Multiscale Object Detection

Multiscale Detection

A single feature map can’t detect objects at all scales — small objects are tiny on the deep feature maps, large objects don’t fit in the receptive field of the early ones. The fix: generate anchors on multiple feature maps, each tuned to a different size range.

The recipe — used by SSD and FPN:

Early feature map (high resolution) → small anchors for small objects.
Middle feature map → medium anchors.
Deep feature map (low resolution, large receptive field) → large anchors.
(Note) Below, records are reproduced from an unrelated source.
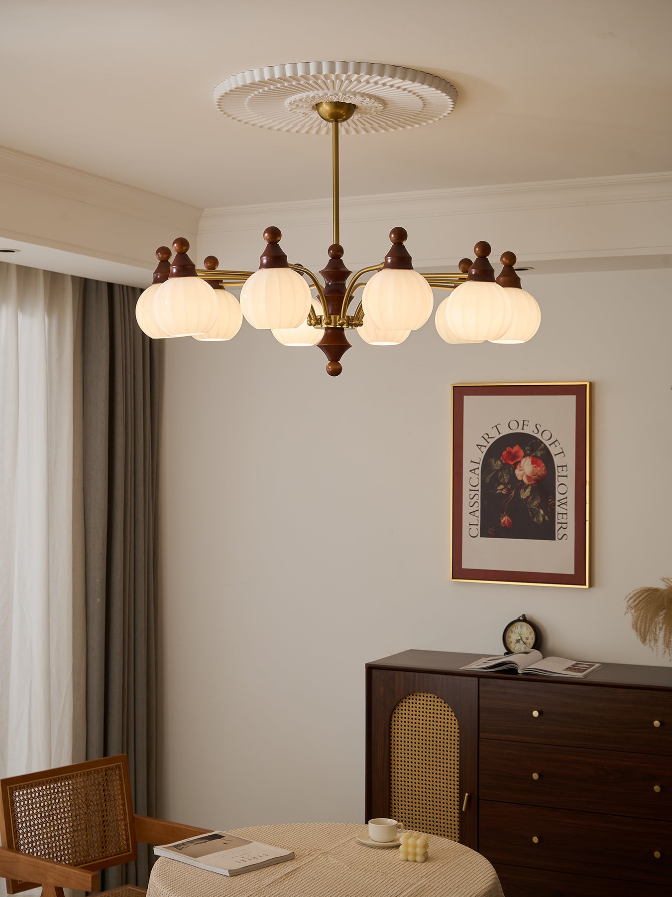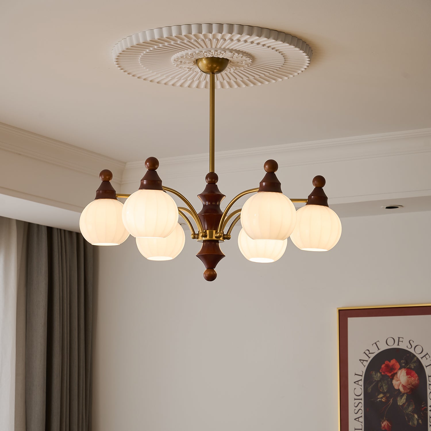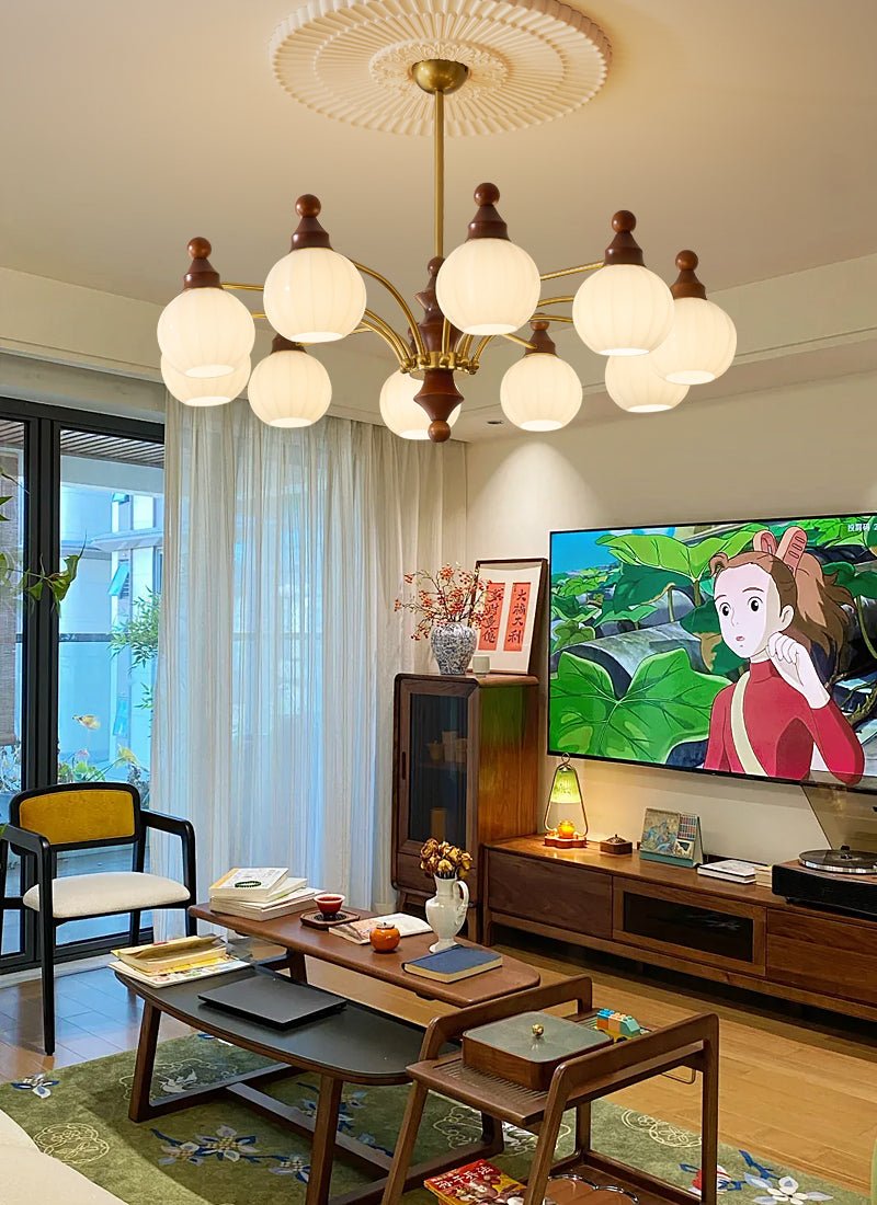 The Ophelia Blossom Chandelier by Vakkerlight features delicately shaped glass shades reminiscent of blooming flowers, paired with warm walnut and brass accents. This elegant design adds a timeless charm to any living or dining space, creating a soft and inviting glow.
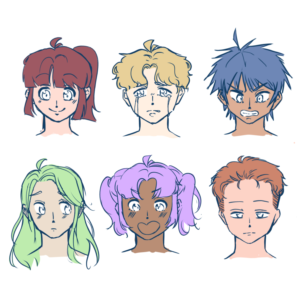 - To color the skin, make new layer underneath the hair color layer and color in the skin. Then merge the two layers together.
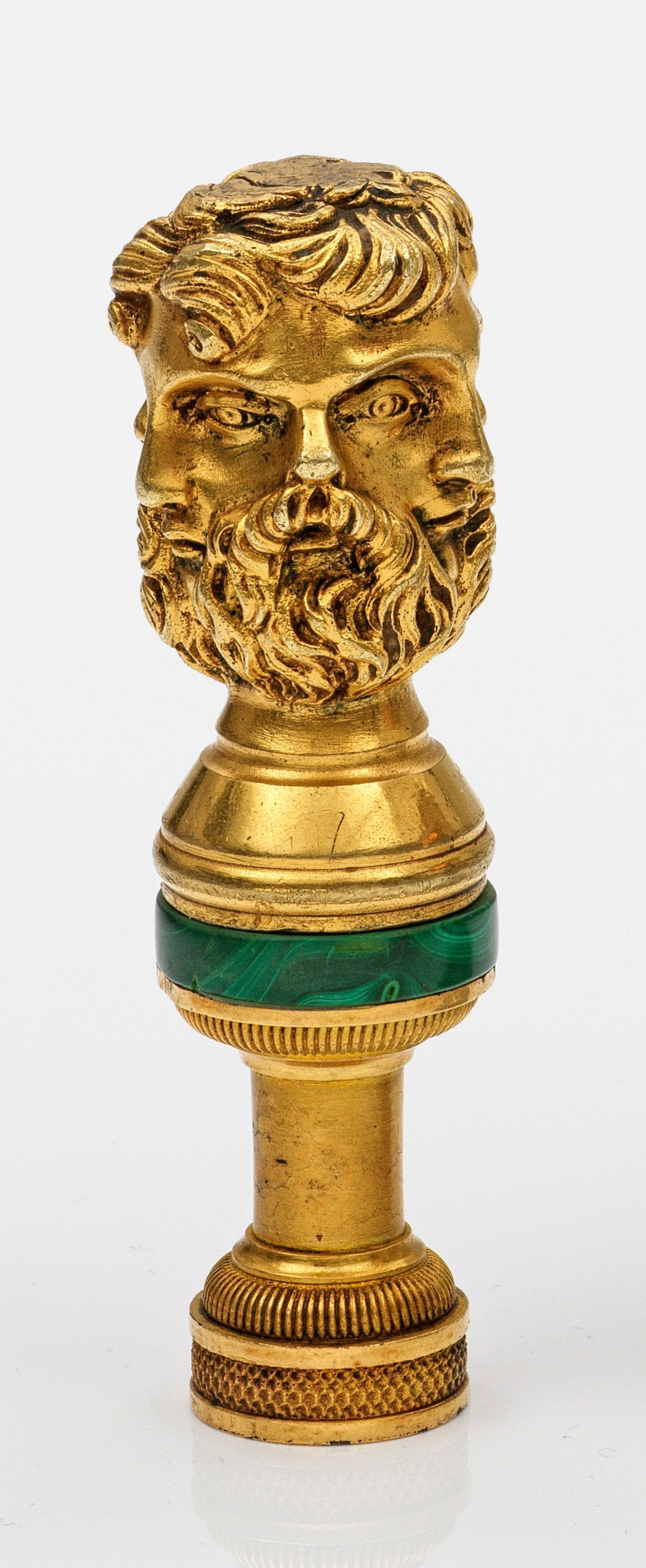 Bronze, vergoldet. Balusterförmiger Korpus mittig mit eingesetztem, schmalem Malachitring verziert. Griff bestehend aus sechs ineinandergreifenden, antikisierten weiblichen und bärtigen, männlichen Gesichtern. Stempelfläche fehlt. H. 10,3 cm.
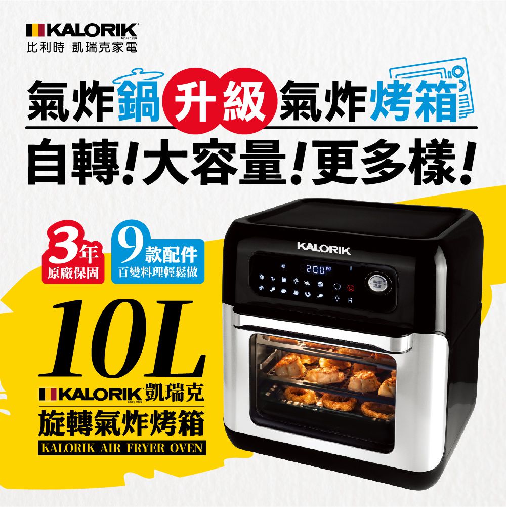 以往媽咪愛挑選的廚房小家電外型都是偏向可愛、日系簡潔風的風格,許多喜歡高冷外型的媽咪一直許願,希望也有時尚、科技感的家電可選擇!編媽這次精心挑選了,比利時90年的口碑老品牌——【KALORIK 旋轉氣炸烤箱】,外型好看,內在優秀1機抵10機,不放心白牌氣炸鍋的媽咪也可以安心入手。本次是買 1 送 10 配件的豪華組合,還有業界唯一3年保固,品質有保障!
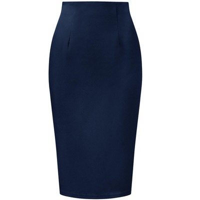 Hobemty Women's Wear to Work Elastic High Waist Pleated Bodycon Midi Skirts X-Large Dark Blue
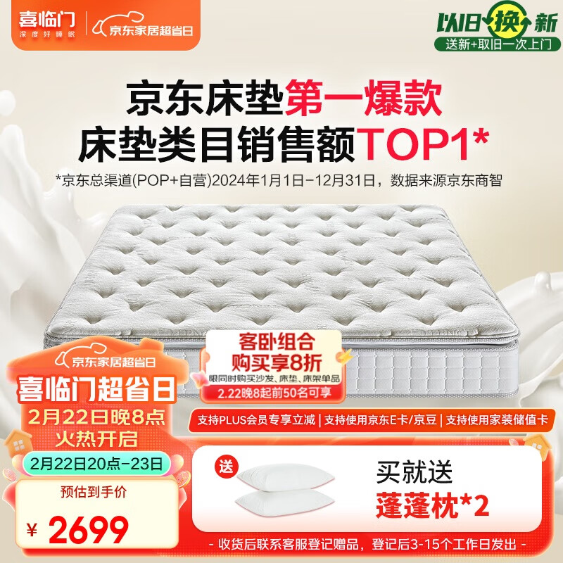 喜临门床垫 2cm高纯乳胶独袋弹簧床垫 3D黄麻床垫 白骑士plus 2x2米价格:2799.00元!
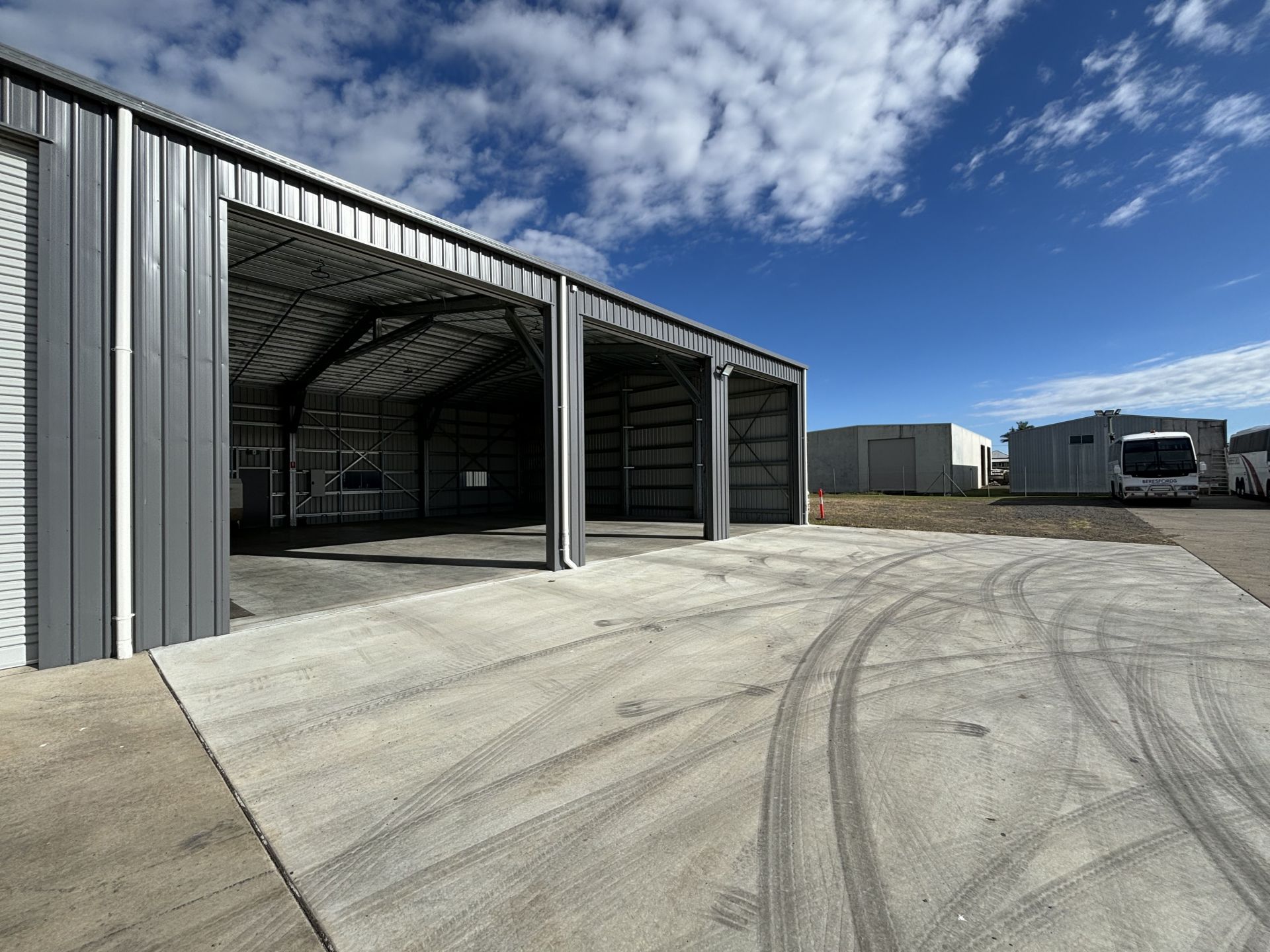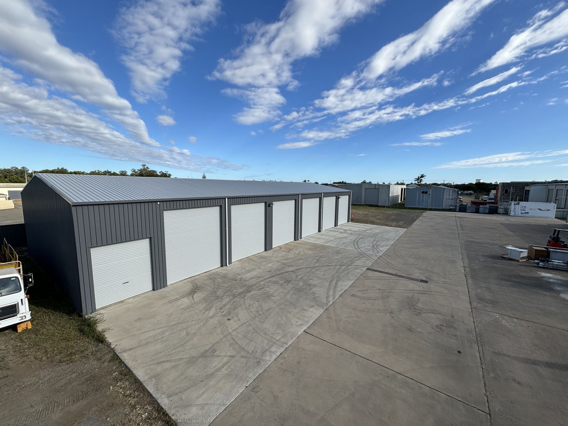 - Each Shed fronts a 30m wide, 150mm thick shared concrete hardstand, perfect for articulated vehicles to access each shed.
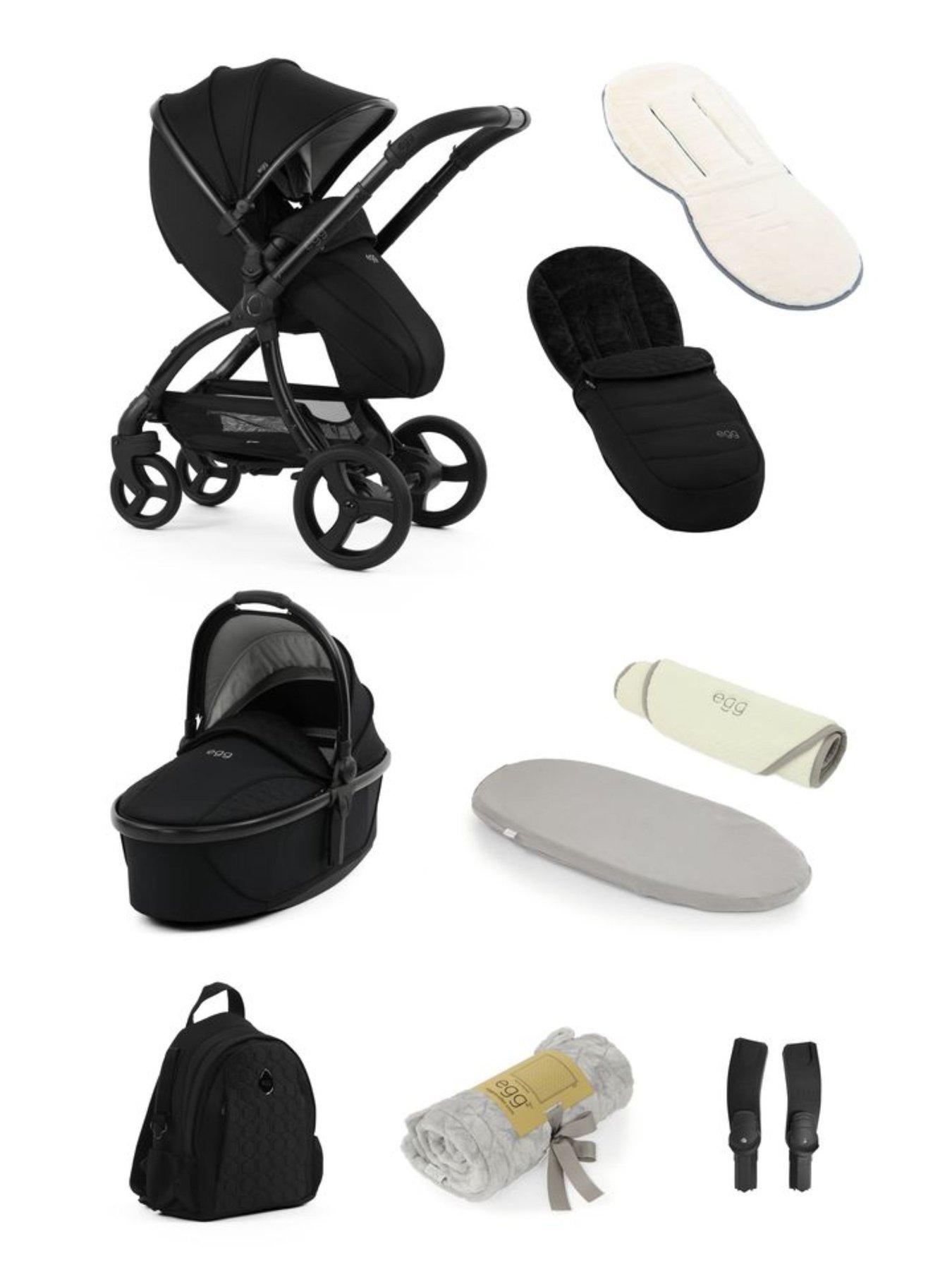 egg3 egg3 Snuggle Bundle - PantherThe egg3 Stroller showcases an enhanced, extendable canopy, perfect for day-time naps or so you can fully protect your little one from the sun with its 50+ UPF fabrics. The canopy also incorporates a ventilation window for optimal airflow, which can be seamlessly closed using magnets sewn into the fabric. Offering a three-position recline and affixed either parent or world facing, the egg3 seat is designed to promote comfort for longer. To make parenting easier, the egg3 includes a new one-pull harness. Simply clip in your baby and pull the strap to secure your baby perfectly every time. The seat also features an easily adjustable headrest and harness, accessed discreetly via the rear, to grow with your baby. Featuring a âone-hand fold' the egg3 chassis is compact when folded and free-stands, with the handle clear from the ground. It's large puncture-free tyres feature a unique egg-shaped tread pattern, with the stroller leaving its mark wherever it goes. Engineered for comfort, superior handling and added durability, egg3 has been fitted with Tru-Ride technology as standard for multi-terrain strolling. The egg3 Carrycot creates a perfect haven for the first six months of your child's life, providing a luxurious and protective environment that ensures your baby's safety in a lie-flat position. Featuring a new sustainable Sorona mattress, which is washable, breathable and chemical free. The new egg3 Carrycot also includes an extra-large hood with ventilation window and rocking rails on its base, so you can soothe your baby to sleep. For growing families or twins, the egg3 can be transformed for two using the egg2/3 tandem adaptors or opt for the new egg Ride-on-Board with Seat for toddlers with a little more independence. Available to purchase a 9-piece snuggle package, including: egg3 stroller, carrycot, carrycot sheets, sherpa carrycot mattress topper, backpack, footmuff, fur seat liner, blanket and the multi car seat adaptors.
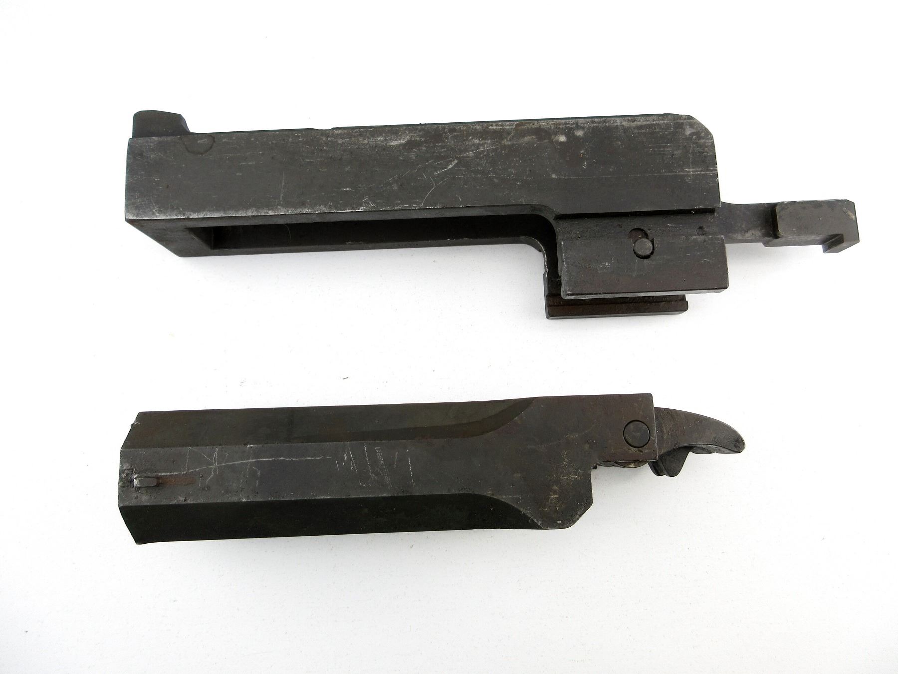 FITS .50 CAL. M2 MODELS, LOT INCLUDES; (1) BARREL EXTENSION WITH LOCKING BLOCK & PIN & (1) BUFFER BODY WITH BUFFER / ACCELERATOR & PIN. MAY REQUIRE FITTING. SEE PHOTOS.
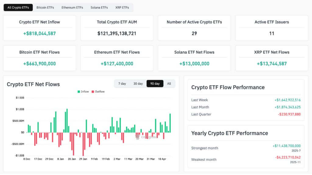 最新数据显示,比特币ETF继续引领资金流入,吸引了约6.639亿美元的资金,而同期以太坊ETF则吸引了约1.274亿美元的资金。总体而言,加密货币ETF的总流入量约为8.18亿美元,凸显了机构投资者对该资产类别的持续需求。
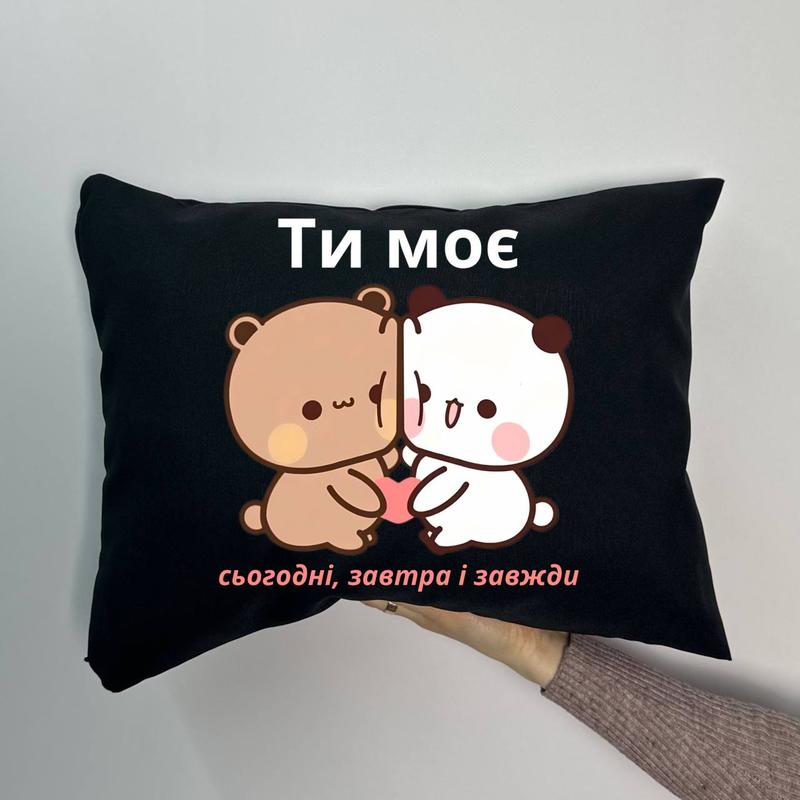 Подушка с принтом габардиновая ты моя сегодня завтра и всегда, черная 35х45 (1164)
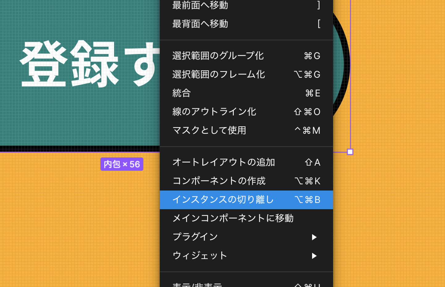 インスタンスはテキストの内容や塗りの色を変更したりすることはできますが、インスタンス内に配置されたオブジェクトの位置やサイズを変更することはできません。そのためマスターコンポーネントとはパターンが異なるものを作らなければならないときは、インスタンスを解除する必要があります。

Each feature map gets its own classification + regression heads. Predictions from all maps are concatenated, then NMS prunes the result.

Setup

%matplotlib inline
from d2l import mxnet as d2l
from mxnet import image, np, npx

npx.set_np()

img = image.imread('../img/catdog.jpg')
h, w = img.shape[:2]
h, w

(561, 728)

Anchors on a feature map

Tile each pixel of the feature map with n + m - 1 anchors. The pixel positions back-project to image coords, so a smaller feature map means fewer candidate centers but larger receptive fields:

def display_anchors(fmap_w, fmap_h, s):
    d2l.set_figsize()
    # Values on the first two dimensions do not affect the output
    fmap = np.zeros((1, 10, fmap_h, fmap_w))
    anchors = npx.multibox_prior(fmap, sizes=s, ratios=[1, 2, 0.5])
    bbox_scale = np.array((w, h, w, h))
    d2l.show_bboxes(d2l.plt.imshow(img.asnumpy()).axes,
                    anchors[0] * bbox_scale)

Small objects on a fine map

4 \times 4 feature map, small anchor scale → dense coverage of small image regions. Notice the many anchor centers: that density is what small objects need.

display_anchors(fmap_w=4, fmap_h=4, s=[0.15])

Medium objects on a coarser map

2 \times 2 feature map, larger anchor scale — fewer anchors, each covering more area:

display_anchors(fmap_w=2, fmap_h=2, s=[0.4])

Large objects on the coarsest map

1 \times 1 feature map, anchor scale 0.8 — the whole image as a single anchor, with several aspect ratios. This level cannot localize tiny details, but it matches objects that occupy most of the image.

display_anchors(fmap_w=1, fmap_h=1, s=[0.8])

Recap

Multiscale = anchors generated on several feature maps at different resolutions.
Each feature map handles its own size range; total anchor count grows linearly with #scales.
The basis of SSD’s pyramid; FPN improves on this with top-down feature merging.
Modern detectors (RetinaNet, FCOS, DETR) all rely on some multiscale prior.